Two new startups every day. Yes, that is the rate at which India’s startup sector is growing aided by energetic young entrepreneurs, plentiful money, eager mentors, and policy-makers with good intentions.
Since 2007, when starting up started becoming fashionable, India has created seven unicorns, or companies with a valuation of at least $1 billion. Not bad, yes. But is it good enough for a country which is rated as one of the best places in the world to start up in? No. Compared to India’s seven unicorns, China has 24. And for an American Amazon there is a Chinese Alibaba.
If the US has produced a Google, there is a Baidu in China. In comparison to American and Chinese startups, India looks like a minnow. It’s no shame being small if you can grow big, but the worry in India is that home-grown startups could end up staying puny. Or that even the bigger ones could fall prey to competition from multinationals.

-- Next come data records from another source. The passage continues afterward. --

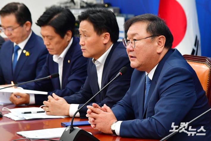더불어민주당 김태년 원내대표가 7일 오전 국회에서 열린 당 원내대책회의에서 모두발언을 하고 있다.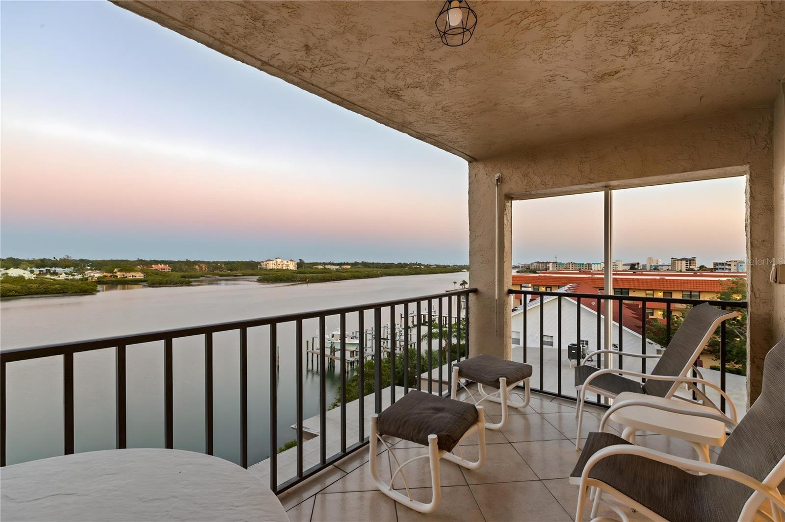 Welcome to the highly sought-after Sea Club of Indian Shores—where location truly matters! This stunning Intracoastal waterfront condo offers two bedrooms and two bathrooms, making it a prime choice for short-term rental income or a beautiful year-round home. Perched on the 4th floor, this turn-key, fully furnished corner unit boasts breathtaking water and nature views. Start your mornings with a cup of coffee on the covered waterfront patio, where you can watch the sunrise and spot dolphins in their natural habitat. The primary bedroom features a walk-in closet, an ensuite bathroom with a walk-in shower, and gorgeous views of the turquoise Gulf waters. The open-concept living and dining areas provide panoramic water views, while the kitchen comes fully equipped with appliances—including a dishwasher, microwave, refrigerator, and oven/stove. The second bedroom offers a spacious walk-in closet, a full-size washer and dryer, and easy access to the second bathroom. Sea Club Community Amenities include a heated saltwater resort-style lap pool with sundeck, private fishing pier and fish cleaning station, shuffleboard court and covered picnic areas, grilling stations and car wash stalls. Bicycle storage and dedicated dog-walk areas, lush, tropical landscaping in a meticulously maintained, self-goverend, and well-managed community. Just steps from the pristine white sands of the Indian Shores Beach, this condo is conveniently located along the Gulf Beaches trolley route and a short distance to local shops and dining. Whether you're searching for a primary residence, a second home, or the perfect vacation retreat, this waterfront gem is a must-see! Booking your showing appointment today!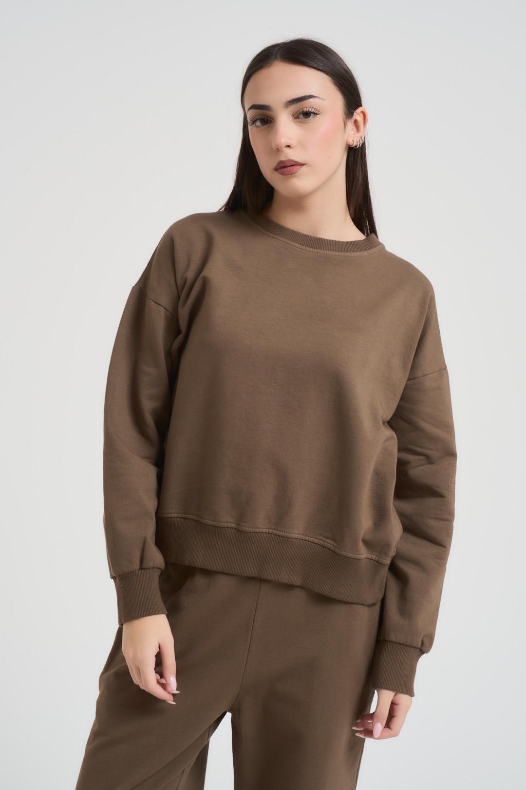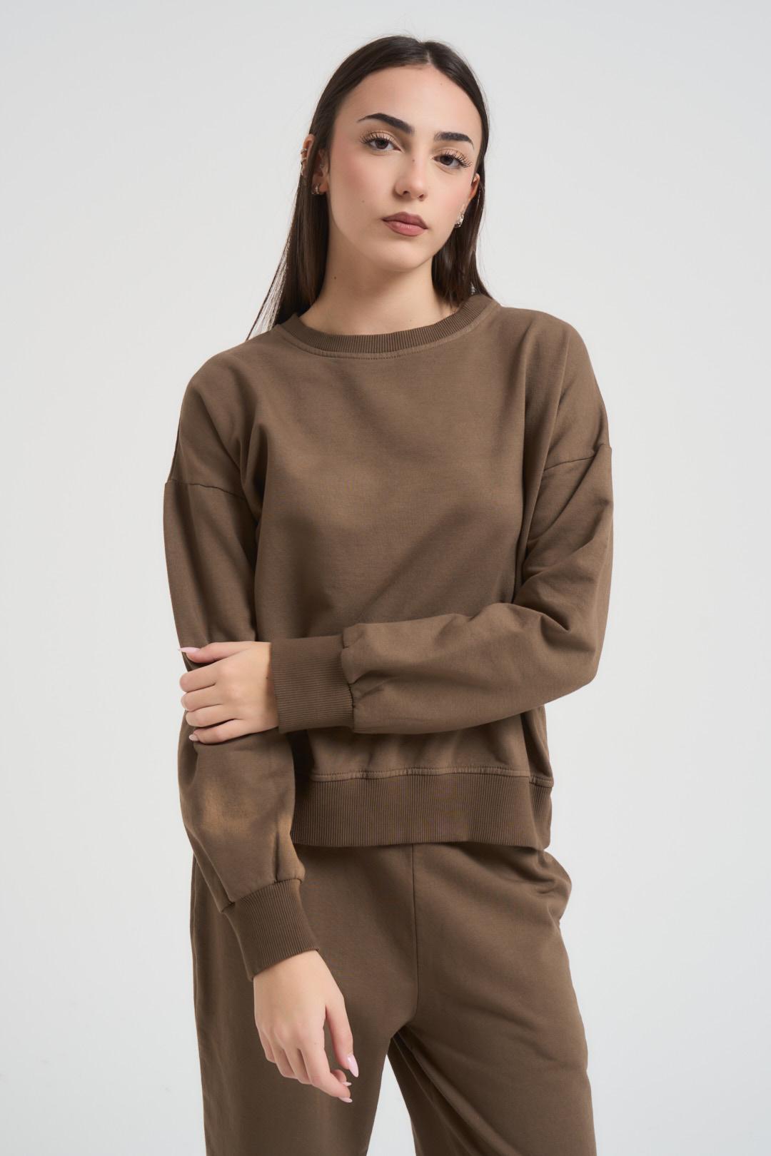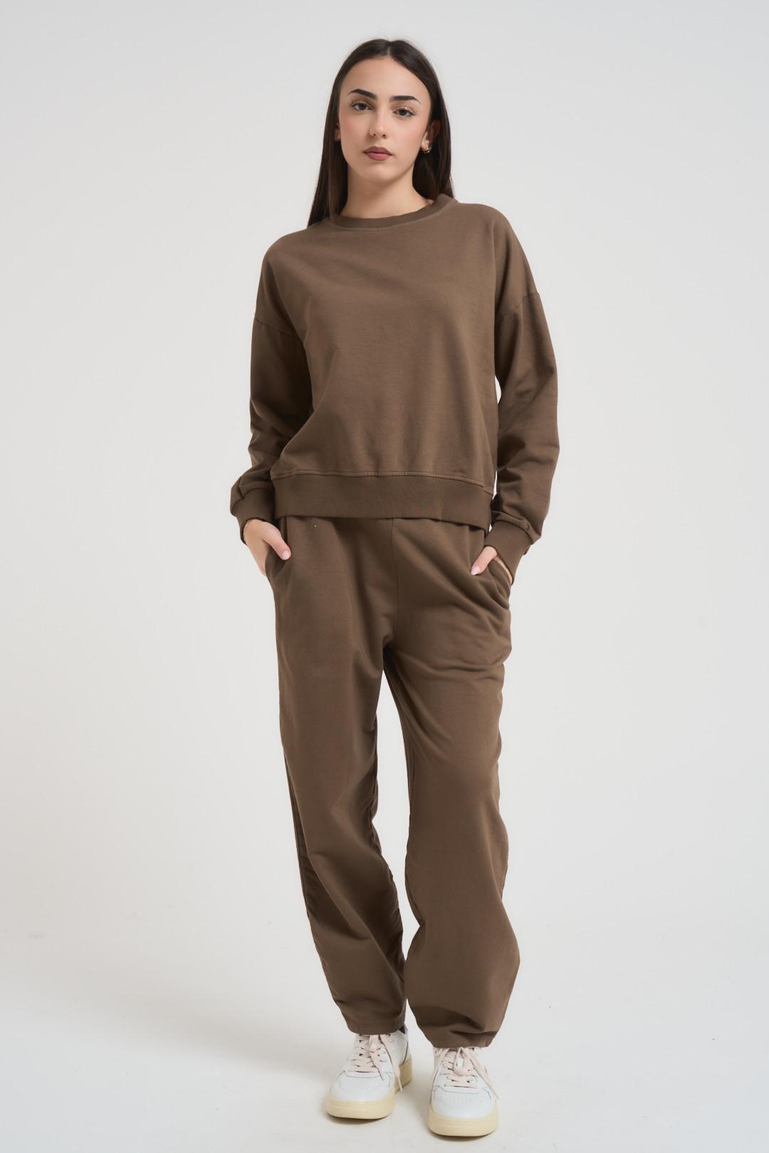 SUSY MIX Completo tuta donna marrone. Modello composta da felpa girocollo e pantalone a palazzo, regular fit. Composizione: 95%co 5%ea. La modella è alta 172 cm e indossa la taglia unica.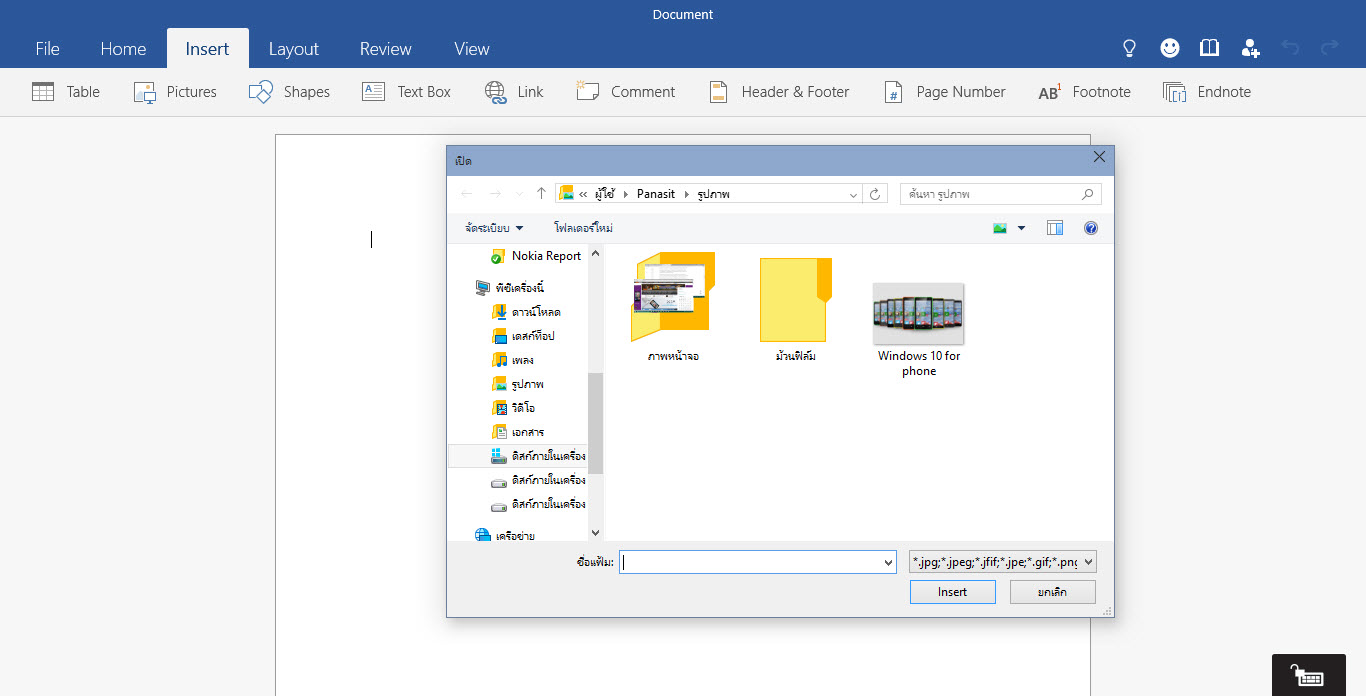 ตัวอย่างหน้าจอ Word Preview สำหรับ Windows 10

But the ideal Indian startup founder is one who thinks big and executes large—someone who builds institutions and does not cash out at the first opportunity. It is blessed to be in growth market like India, and the founder who thinks of this sub-continent and beyond as a playground will be the real role model for young people looking to become entrepreneurs.
Founders must create organisations embedded with the growth DNA. This requires maturity, wisdom, tenacity and ambition, all qualities which are not in short supply among Indians. Investors can help, and they must. It is not enough to splash cash on young founders with bright ideas. The best investors are those who can help founders push the limits of their potential and make it worthwhile for them to do so.